• _EXERCISE_: When the line with "Фонарь светодиодный ручной" turns up below, begin repeating exactly, and carry on through the line with "阴鱼只在黄昏时出现。我在尝试"; no pictures go into the copy.

• _EXERCISE DATA_:

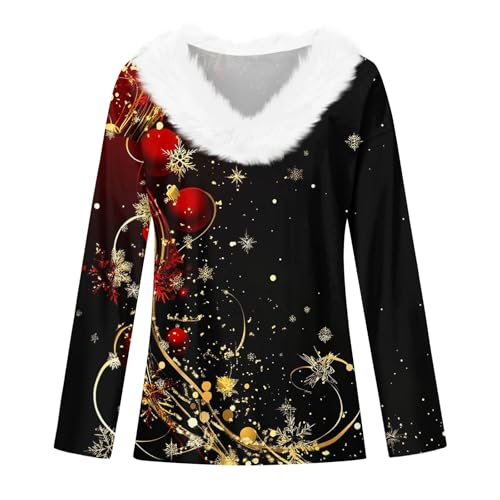 Specification: Merry Christmas Sweaters for Women Faux Fur Trim V Neck Sweatshirts Graphic Xmas Long Sleeve Holiday Pullover
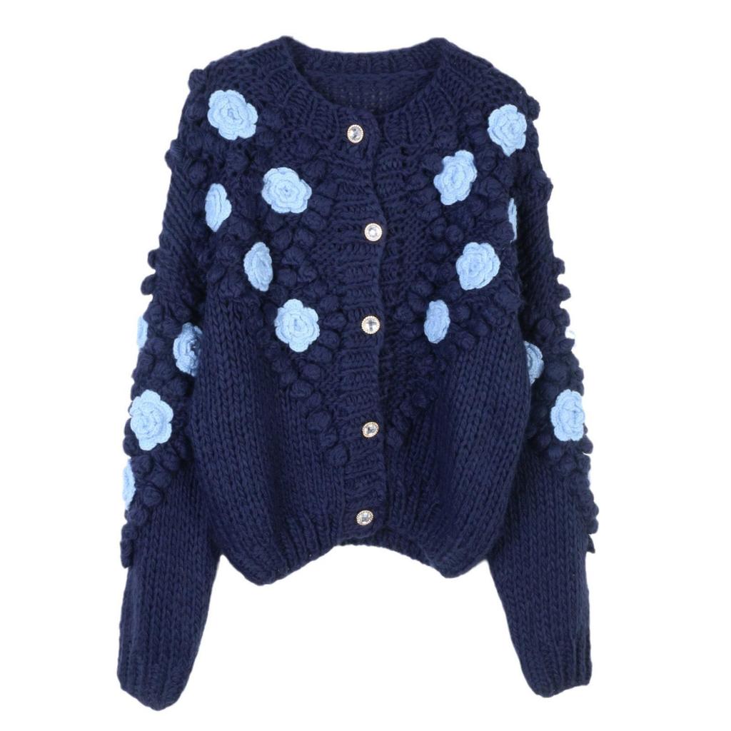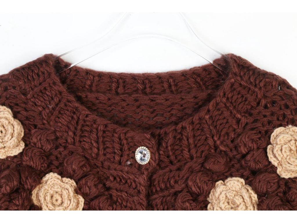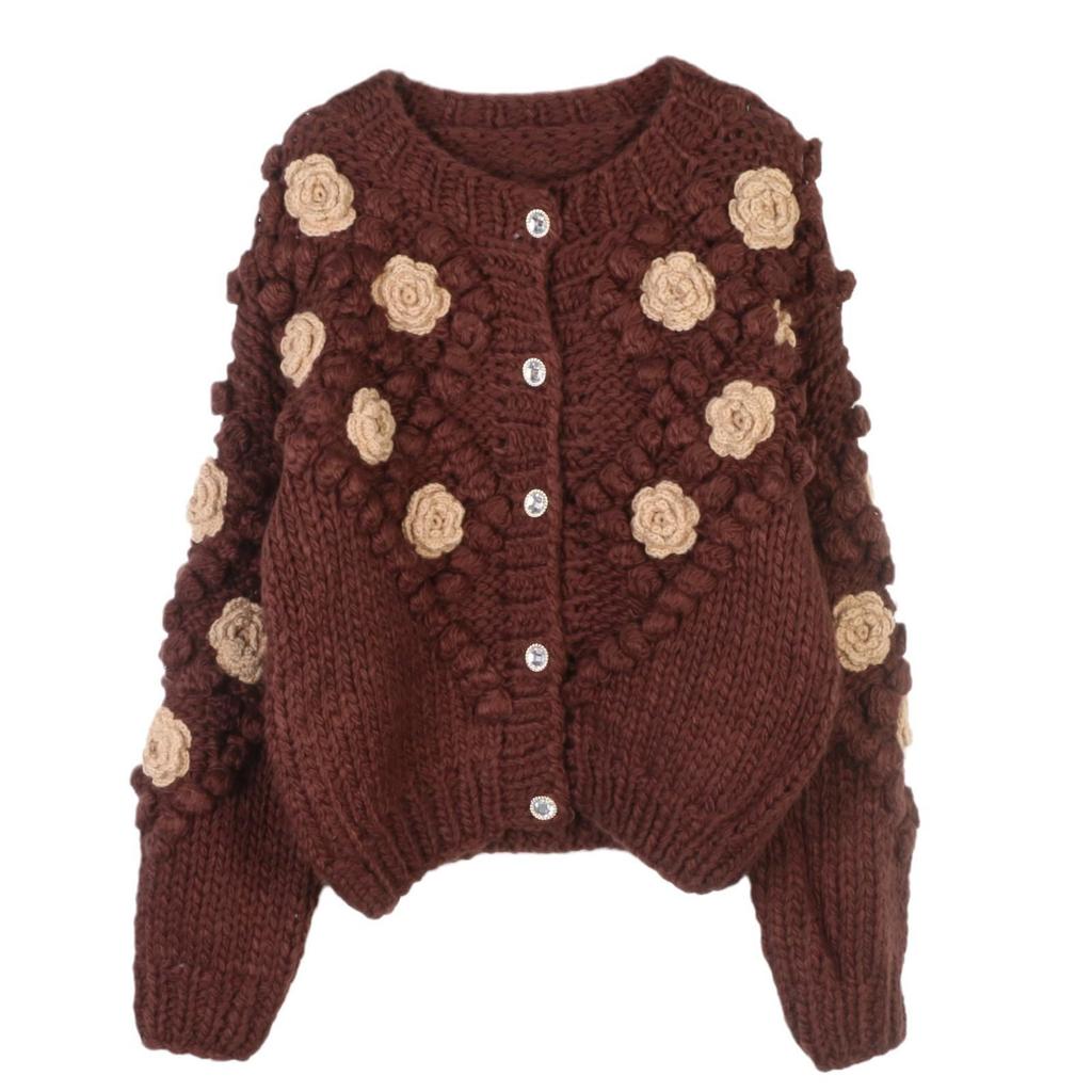 Французский шик, омолаживающий кардиган крупной вязки с 3D-цветочным узором – Свитер-пальто на осень/зиму
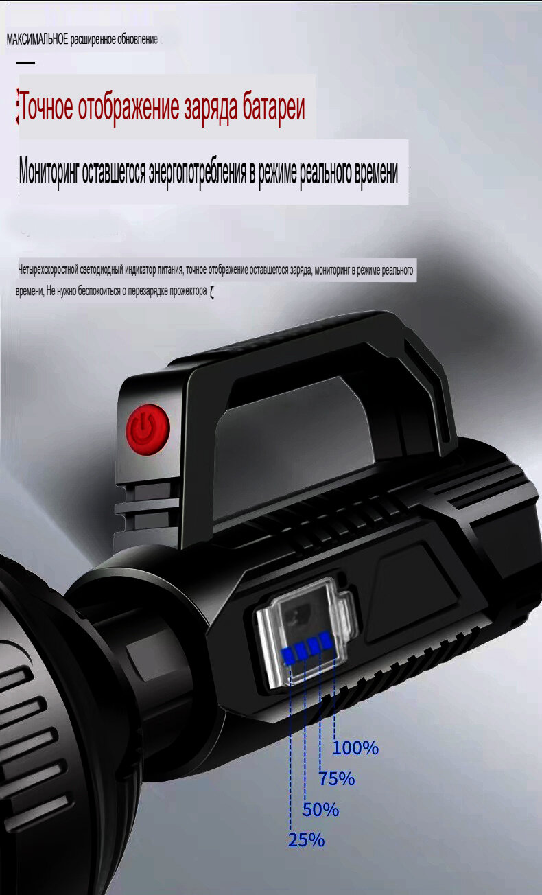 Фонарь светодиодный ручной с индикатором, водонепроницаемый/перезаряжаемый/бликовый фонарик
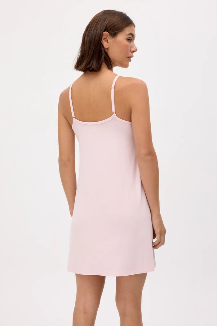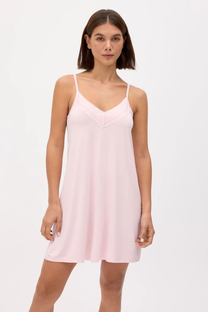 Trumpi viskoziniai naktinukai su plonomis, reguliuojamo ilgio petnešėlėmis. Iškirptė dekoruota nėriniais, suteikiančiais lengvumo ir švelnumo pojūtį.
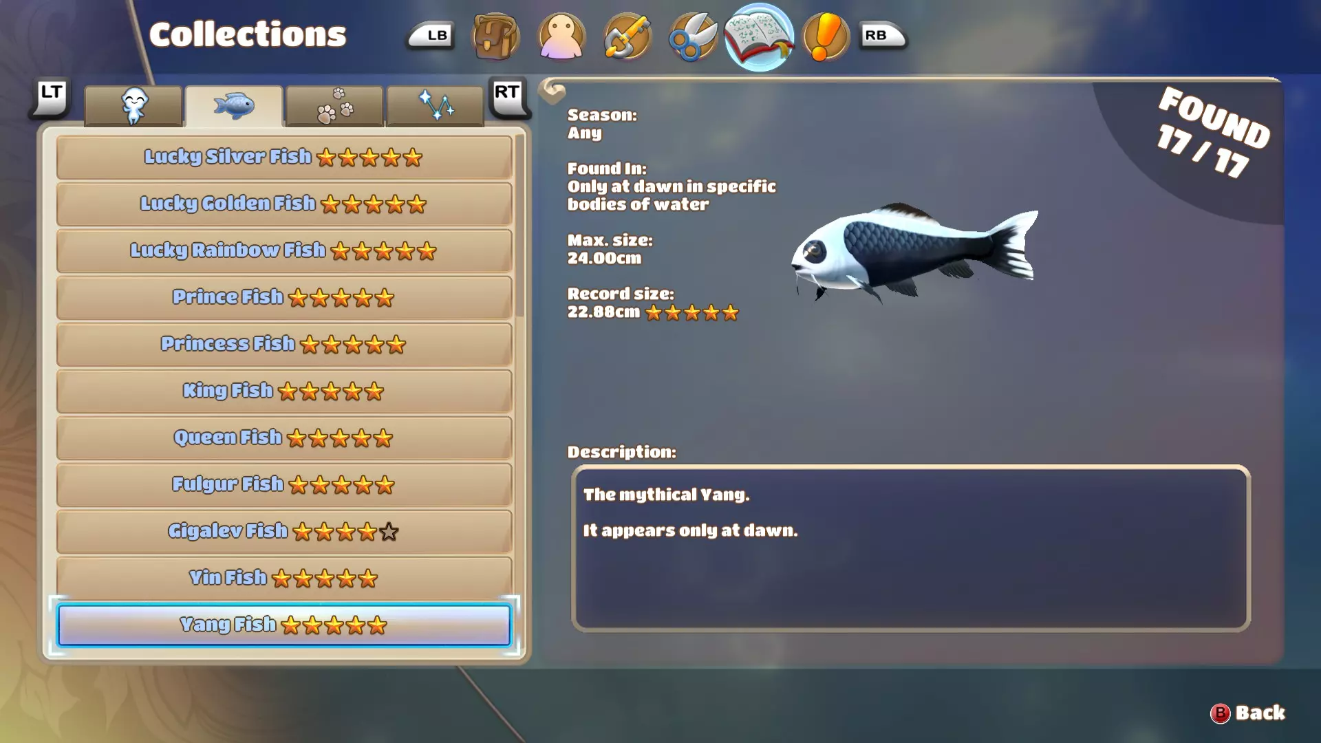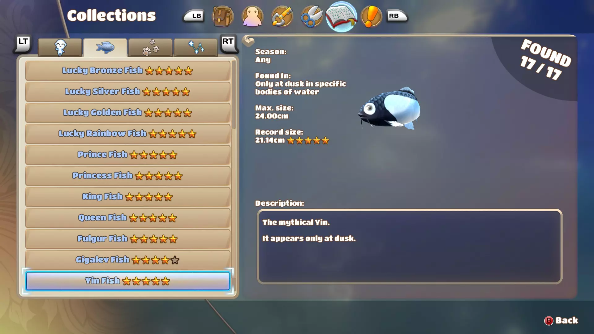 阴鱼只在黄昏时出现。我在尝试钓五星阴鱼时发现,它的出现时间大约在下午5点到7点30分之间。阴鱼体型肥硕,外观与其他淡水鱼不同,但和闪电鱼有些相似,不过体型比闪电鱼小很多。运气好的话,一天可能钓到2条甚至3条。我花了相当长的时间才钓到五星阴鱼。 阳鱼
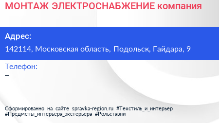 МОНТАЖ ЭЛЕКТРОСНАБЖЕНИЕ, компания по адресу 142114, Московская область, Подольск, Гайдара, 9 в дальнейшем Организация, размещена в следующих категориях:
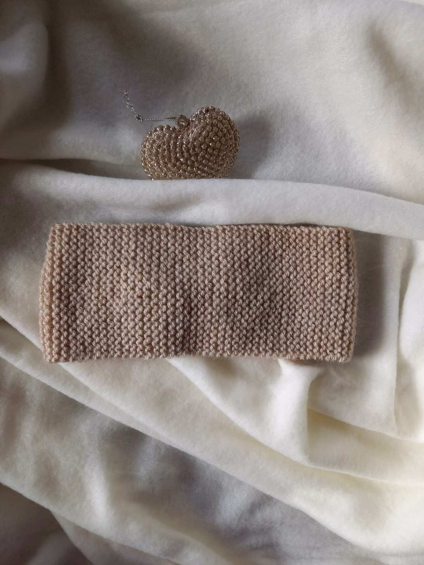 Bandeau tricoté à la main avec de la layette Bergere de France acrylique. Couleur rose-taupe. Tour de tête env. 42cm – largeur env.8,5 cm.Â
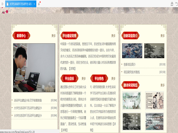 8月17日,大学生诗词学习互动平台网站部分正式建成,与此同时,与网站同步建设的微信公众号“金陵诗韵”也开始正式运营。
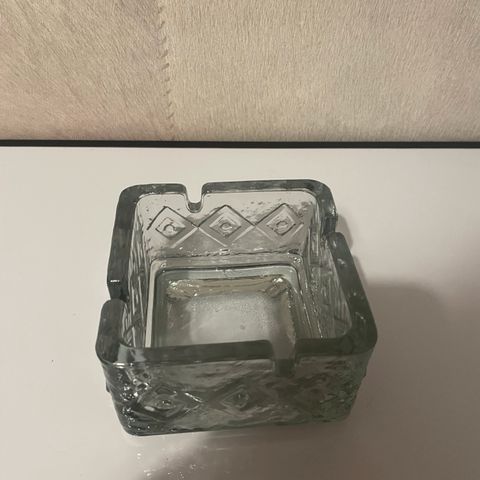 Virheetön, mitat 9,5x9,5 x 6 cm. Riihimäen Lasin tekemä.
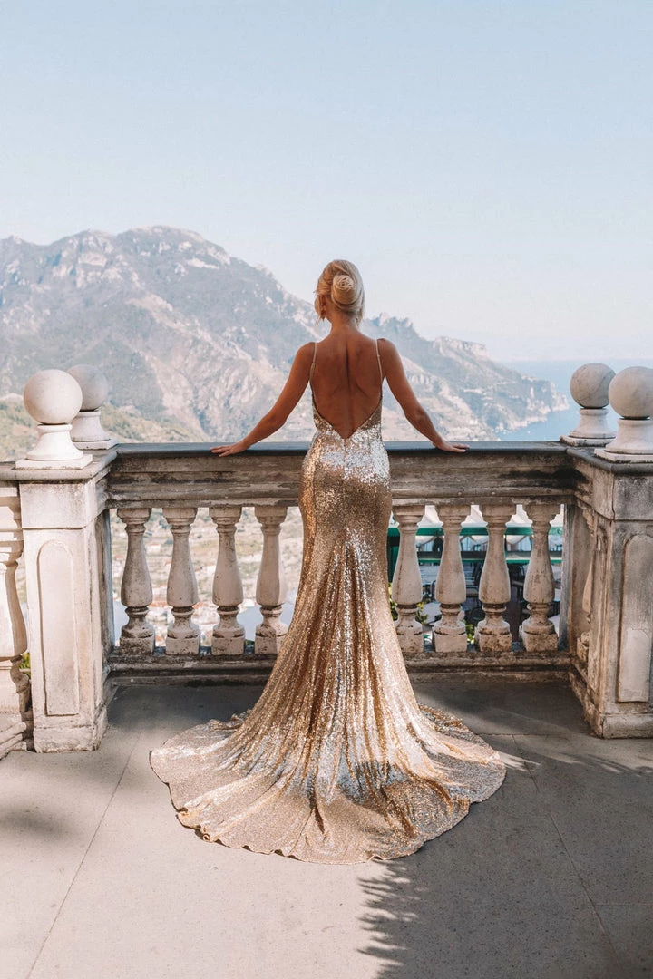 Plunge V neckline exposed low back with zipper. Stretchy fabric

• _TASK RESPONSE_:
 Фонарь светодиодный ручной с индикатором, водонепроницаемый/перезаряжаемый/бликовый фонарик
 Trumpi viskoziniai naktinukai su plonomis, reguliuojamo ilgio petnešėlėmis. Iškirptė dekoruota nėriniais, suteikiančiais lengvumo ir švelnumo pojūtį.
 阴鱼只在黄昏时出现。我在尝试钓五星阴鱼时发现,它的出现时间大约在下午5点到7点30分之间。阴鱼体型肥硕,外观与其他淡水鱼不同,但和闪电鱼有些相似,不过体型比闪电鱼小很多。运气好的话,一天可能钓到2条甚至3条。我花了相当长的时间才钓到五星阴鱼。 阳鱼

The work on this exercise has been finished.